Abstract
The ability to sense and respond to the environment is one of the defining features of life. Cells use a variety of signalling systems that carry information about environmental stimuli to the nucleus in order to generate an appropriate response. Phosphorylation and ubiquitination signalling are two of the most important post-translational modifications that control virtually all cellular processes, from proliferation, through stress responses, to apoptosis. Mitogen-activated protein 3-kinase 1 (MEKK1) is a key upstream regulator in the NF-κB and MAPK functional pathways—major cellular pathways that control stress responses and cell fate. MEKK1 is also the only known member of the mitogen-activated protein 3 kinase (MAP3K) family that contains both a kinase domain and a RING E3 ubiquitin ligase domain. The N-terminal half of MEKK1, including the RING domain, is involved in controlling the C- terminal kinase domain and downstream activation of MEKK1-driven pathways.
A range of biophysical methods were used to characterize N-terminal functional and regulatory domains of MEKK1. This work presents the crystal structure of a central domain of MEKK1 at 2.1 Å resolution, and identifies it as a tubulin-interacting TOG domain. The discovery and structural characterization of this domain of MEKK1 reveals a new direction in the research of MEKK1-mediated signalling.
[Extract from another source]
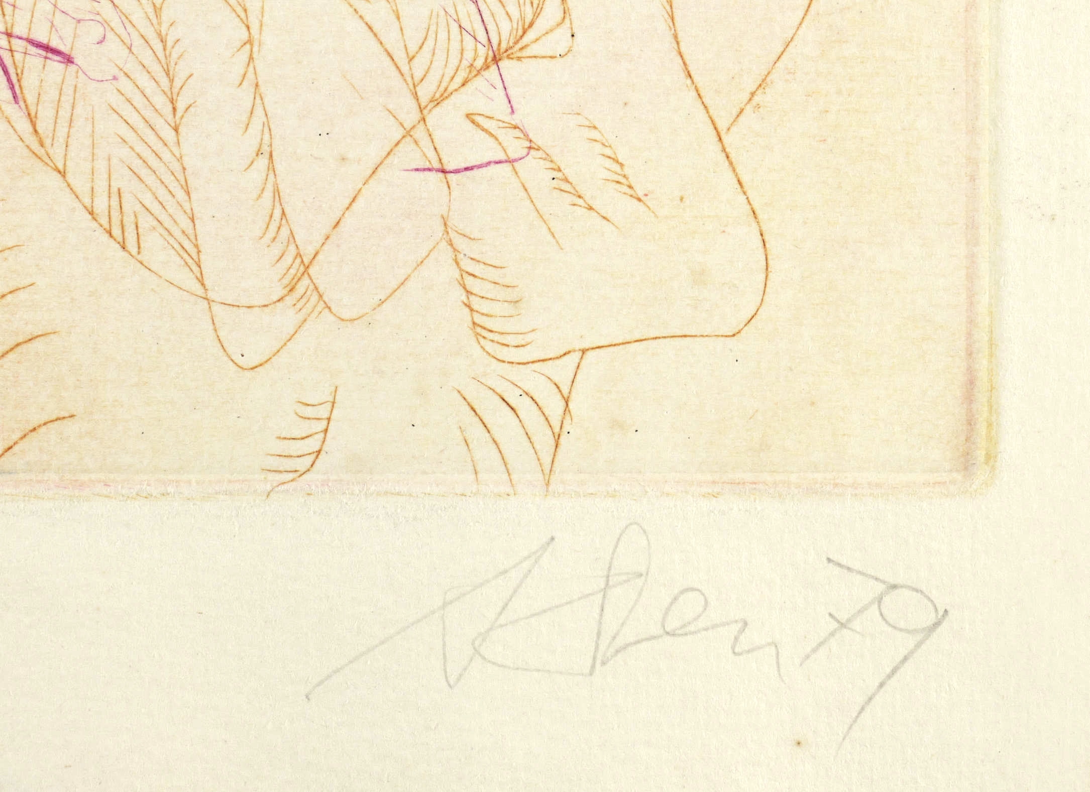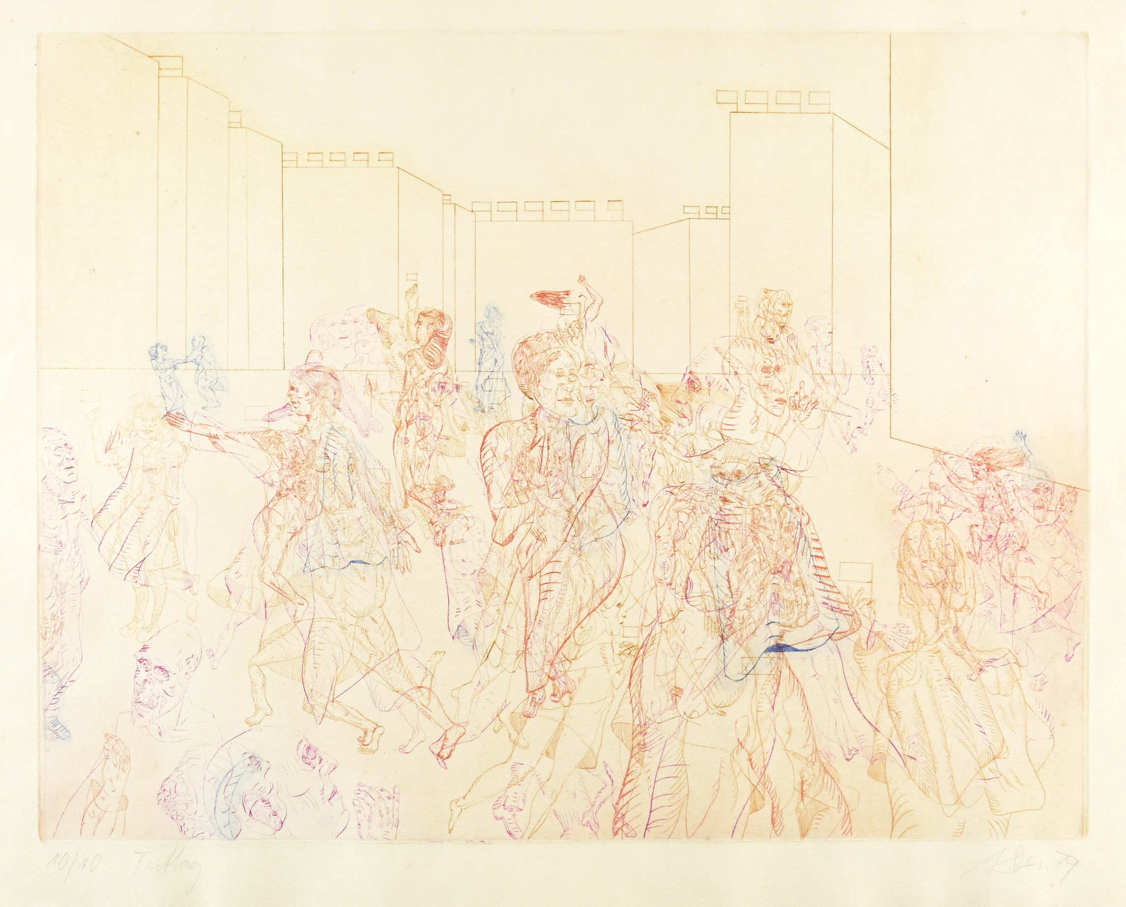 1979. Farbradierung / Strichätzung, in Orange, Rot & Blau, auf gelblichem Karton. – Originale Künstlergrafik, von Andreas Dress. – Auflage Exemplar Nr. 10/10. – 49,5 x 64,4 cm (Darstellung / Platte), 59 x 76 cm (Blatt).

As the function of TOG domains is highly dependent on their conformational selectivity towards specific conformations of tubulin, a characterization of MEKK1 TOG in terms of its interaction with the straight and curved conformation of tubulin was undertaken. The data presented herein indicate that MEKK1 TOG domain preferentially binds to the curved conformation of tubulin dimers, found in soluble tubulin and at depolymerizing microtubule ends.
The functional significance of the MEKK1 TOG domain is further underscored by the observation that mutations in this domain of MEKK1 reduce tubulin binding in vitro, and occur in human tumours. An analysis of the role of MEKK1 TOG in terms of its effects on MEKK1 ubiquitin ligase and kinase activities revealed a potential role in controlling MEKK1 ubiquitin ligase activity.
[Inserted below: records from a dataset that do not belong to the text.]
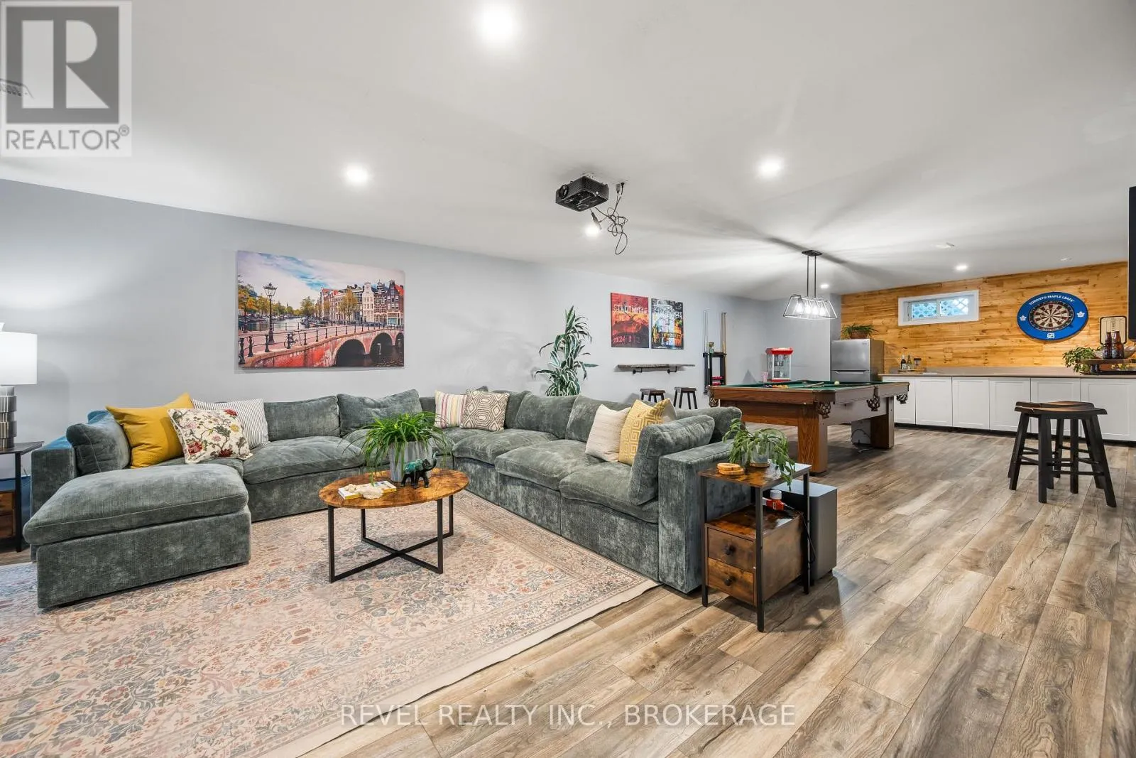 Cross Streets: Highway 15. ** Directions: Highway 15 to Sunbury Road. Welcome to 2089 Sunbury Road! A beautifully renovated bungalow that blends timeless country charm with modern sophistication. Set on a peaceful 3.25 acre lot just 20 minutes to Kingston, this home has been thoughtfully updated from top to bottom to deliver exceptional comfort and style. Inside, you'll find a bright and inviting main level featuring upgraded flooring, contemporary lighting, and a custom kitchen with granite countertops, stainless steel appliances, and a spacious island - perfect for gatherings with family and friends. The living and dining areas flow seamlessly to the outdoor space, creating an ideal atmosphere for everyday living and entertaining. The finished lower level expands the living area with a large recreation space ideal for game nights, movie marathons, or hosting friends for a round of pool. A full bathroom and additional bedroom provide flexibility for guests or extended family. Outside, the property offers a beautifully landscaped yard, mature trees, and a detached garage - all set in the sought-after community of Sunbury, where you can enjoy the tranquility of country life with the convenience of being not far from shopping, schools, and hospitals. (id:27476)
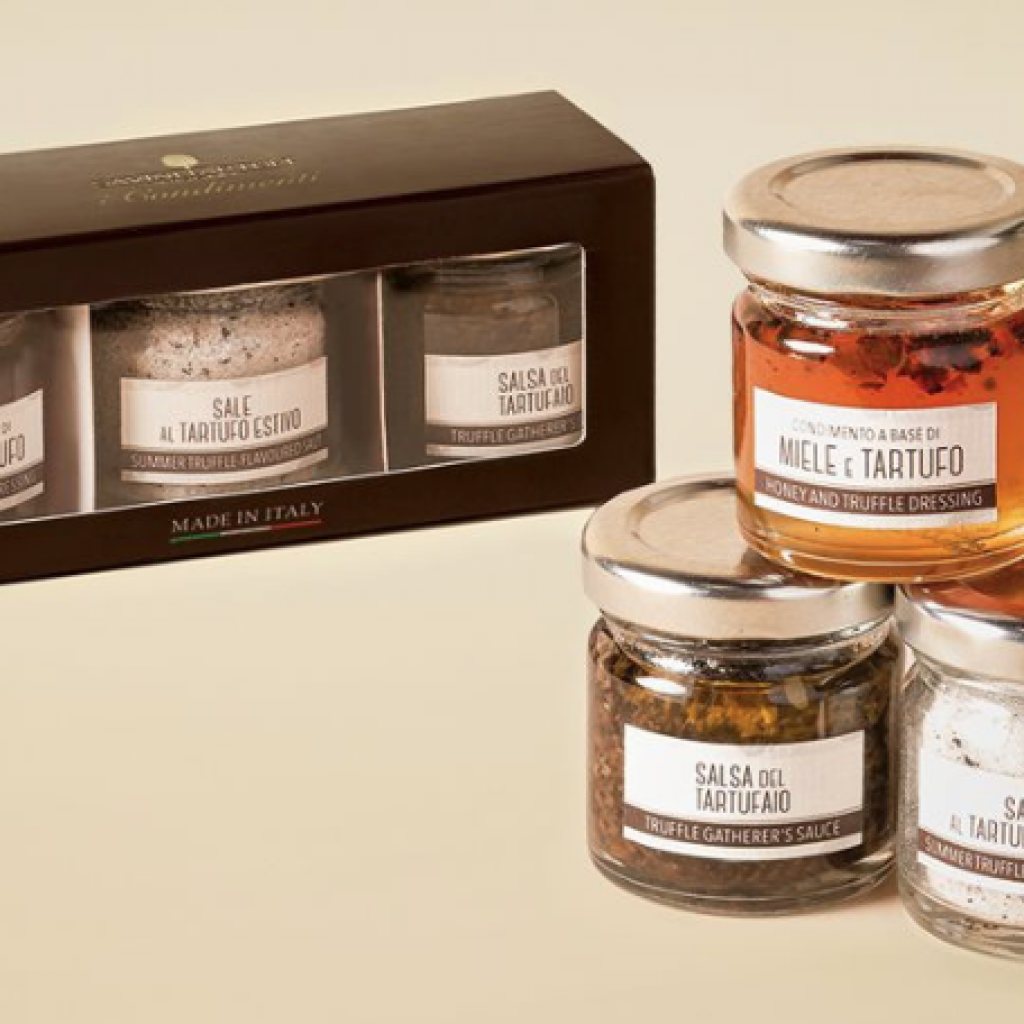 La confezione contiene la classica e versatile Salsa del Tartufaio, il Sale al Tartufo ed il Miele e Tartufo.
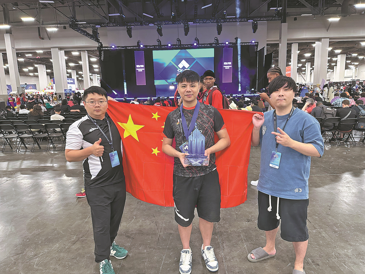 Chinese esports player Zeng Zhuojun (middle), better known as Xiaohai, is crowned The King of Fighters XV champion at EVO 2023 in Las Vegas, the United States, on Aug 6. [Photo/CHINA DAILY]
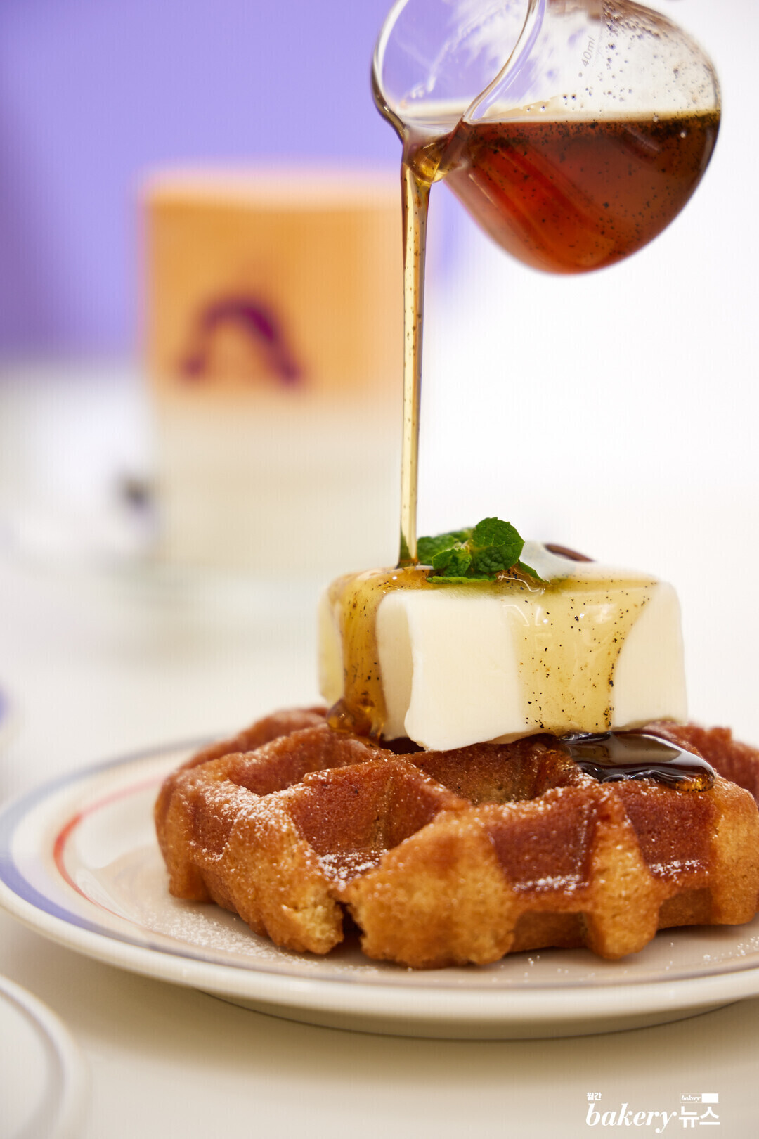 피낭시에 반죽을 와플팬으로 구웠다. 쫀득한 버터플에 아이스크림과 수제 바닐라빈 시럽을 추가해서 먹으면 금상첨화다.

Based on these findings, a model is proposed whereby MEKK1 kinase activity is induced at the sites of microtubule catastrophes via clustering of MEKK1. Moreover, the interaction with tubulin affects the activity of the MEKK1 RING E3 ubiquitin ligase domain. Accordingly, MEKK1’s interaction with tubulin and microtubules could be relevant to both cancer development and efficacy of microtubule-targeting chemotherapies.